I don't know what exactly you did using HermiteDecomposition. Here is what I had in mind. It will give four null generators.

lat = {{25791903380828538698272313801407329391601758274521765857268873\
0, 1, 0, 0, 0, 
    0}, {9686797332026357297411504450603025834144446485494364826751540\
8, 0, 1, 0, 0, 
    0}, {2147588714331114976949955391958919168249550666622522823541817\
36, 0, 0, 1, 0, 
    0}, {1788446822413910080345349109882686092520586998693089781350213\
08, 0, 0, 0, 1, 
    0}, {7173307077580661041270649882829454170751819381080942877605480\
4, 0, 0, 0, 0, 1}};

Form the Hermite decomposition.

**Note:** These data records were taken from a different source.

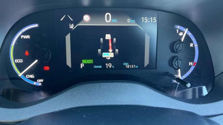 7" Multi information display screen, 8" Toyota touch 2 multimedia system with Smartphone integration with Apple CarPlay and Android auto, Adjustable speed limiter, Bluetooth connectivity, Driver attention alert system, eCall emergency system, Electric power steering, Full range intelligent adaptive cruise control, Hybrid system indicator, Key reminder warning, Lane trace assist, Multimedia, audio, telephone and voice recognition switches on steering wheel, My T Connected services, Pre-collision system enhanced with emergency steering assist, Reversing camera, Road sign assist - RSA, Steering assisted vehicle stability control, 6 speakers, DAB Digital radio, USB connection, 3rd brake light, Acoustic windscreen glass, Aluminium roof rails, Anti-jam protection on power windows, Auto high beam [AHB] with on/off switch, Automatic headlights, Black lower front grille, Black Shark-fin antenna, Black upper front grille, Black wheel arch mouldings, Body colour door handles, Body colour front bumper, Body colour rear bumper, Electric adjustable heated door mirrors, Follow me home headlights, Front and rear electric windows with auto up/down function, Front intermittent wipers, Headlight cut off reminder, Indicators integrated on door mirrors, Intermittent rear wiper, LED daytime running lights guide, LED front fog lights, LED front light guide, LED Indicators, LED projector headlights, LED rear light guide, Manual headlight levelling, Manually retractable door mirrors, Noise reduction layer on windscreen, Privacy glass, Rain sensor, Rear LED lights with sequential indicators, Rear side wing doors, Rear spoiler, Rear window defogger, 12v power outlet - front, 2x Rear coat hooks, 3 seat bench in 2nd row, 3 spoke leather steering wheel, 40:20:40 split folding rear bench seat, Adjustable speed limiter switch on steering wheel, Auto air conditioning, Black roof lining, Boot light, Central armrest, Centre console in light blue ambent lighting, Driver and front passenger personal lights, Fabric door trim, Fabric upholstery, Footwell in light blue ambient lighting, Front console box, Front cup holders, Front head restraints, Glovebox, Height adjustable driver's seat, Height adjustable front passenger seat, Hooks for luggage holding belts, ISOFIX child restraint system, Lane departure alert switch on steering control, Leather gearshift, Light blue ambient lighting on front doors, Manual telescopic and tilting steering wheel, Mirror on driver and passenger sun visor, Pollen air filter, Rear cup holders, Rear head restraints, Single front passenger seat, Soft tonneau cover, 3x3 point rear seat belts, ABS+EBD+Brake assist, Driver and passenger central airbags, Driver and passenger front airbags, Driver and passenger side airbags, Electronic parking brake, Emergency brake light system (EBS), Front seat belt reminder, Hill start assist control (HAC), Passenger airbag on/off switch, Pre-collision system with pedestrian and cyclist detection, Rear door child safety locks, Rear passenger side airbags, Rear seat belt reminder, Traction control, Tyre pressure warning system, Immobiliser, Intrusion alarm, Keyless smart entry with push button start, Power door locks, Power passenger window lock, Remote door lock, Tyre repair kit,
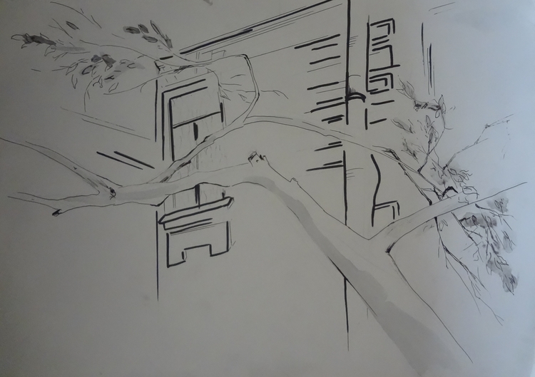 Деревья на фоне города
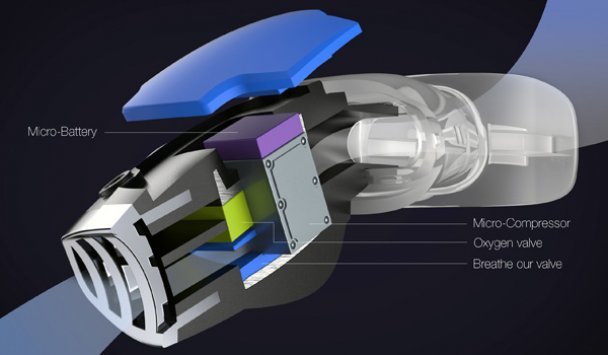 - Микрокомпрессор респиратора питается от микробатареи, которая представляет собой разработку следующего поколения, имеет размер в 30 меньше существующих на сегодняшний день батарей — и при этом заряжается в 1000 раз быстрее их.
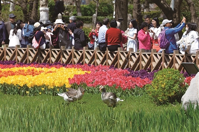 近日,中山公园的郁金香迎来盛花期,百余个品种、各种花色错落排布、鲜艳夺目,吸引了众多市民游客前来观赏。据工作人员介绍,郁金香花期将持续至本月下旬。
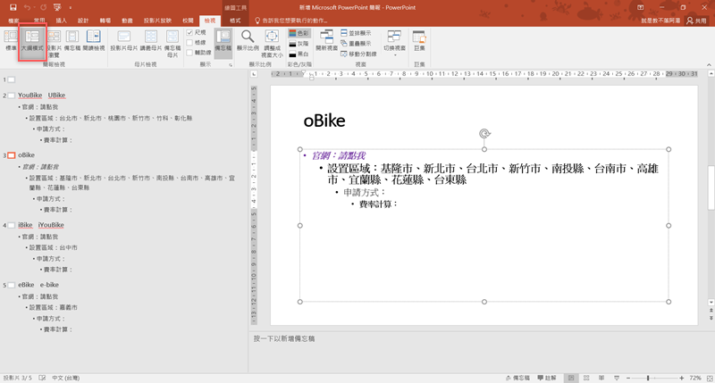 如果要修改除了直接點進投影片,還可從「大綱模式」來檢視,變更字型與顏色等,會更加清楚又有效率。

Check that we got a multiplier matrix that, acting on the input lat, recovers the normal form. Then check the first elements of the normal form (the second matrix returned) to see which positions go with nulls. Actually we know which (all but the first) from the nature of what a Hermite normal form is, but we check anyway.

{umat, hnf} = HermiteDecomposition[lat];
umat.lat === hnf
hnf[[All, 1]]

(* Out[368]= True

Out[369]= {2, 0, 0, 0, 0} *)

So all but the first relation will be null vectors. Lets extract those relations.

nulls =Rest[umat]

(* Out[370]= {{2, 0, 0, 
  16060416020744237632027833003485692757159619774236696420901290, \
-40041782246735978755823071242771550571702045842751168717694695}, {0, 
  1, 0, 9141386270736275869209971067568612622712962440763160956460553,\
 -22791277511948392239439819572786422403271224453226511720107583}, {0,
   0, 1, 3041376591713742238653798070030424380490315075718933218235133\
, -7582751222535164094198296685086819556607555537048261493826425}, {0,
   0, 0, 1793326769395165260317662470707363542687954845270235719401370\
1, -44711170560347752008633727747067152313014674967327244533755327}} *)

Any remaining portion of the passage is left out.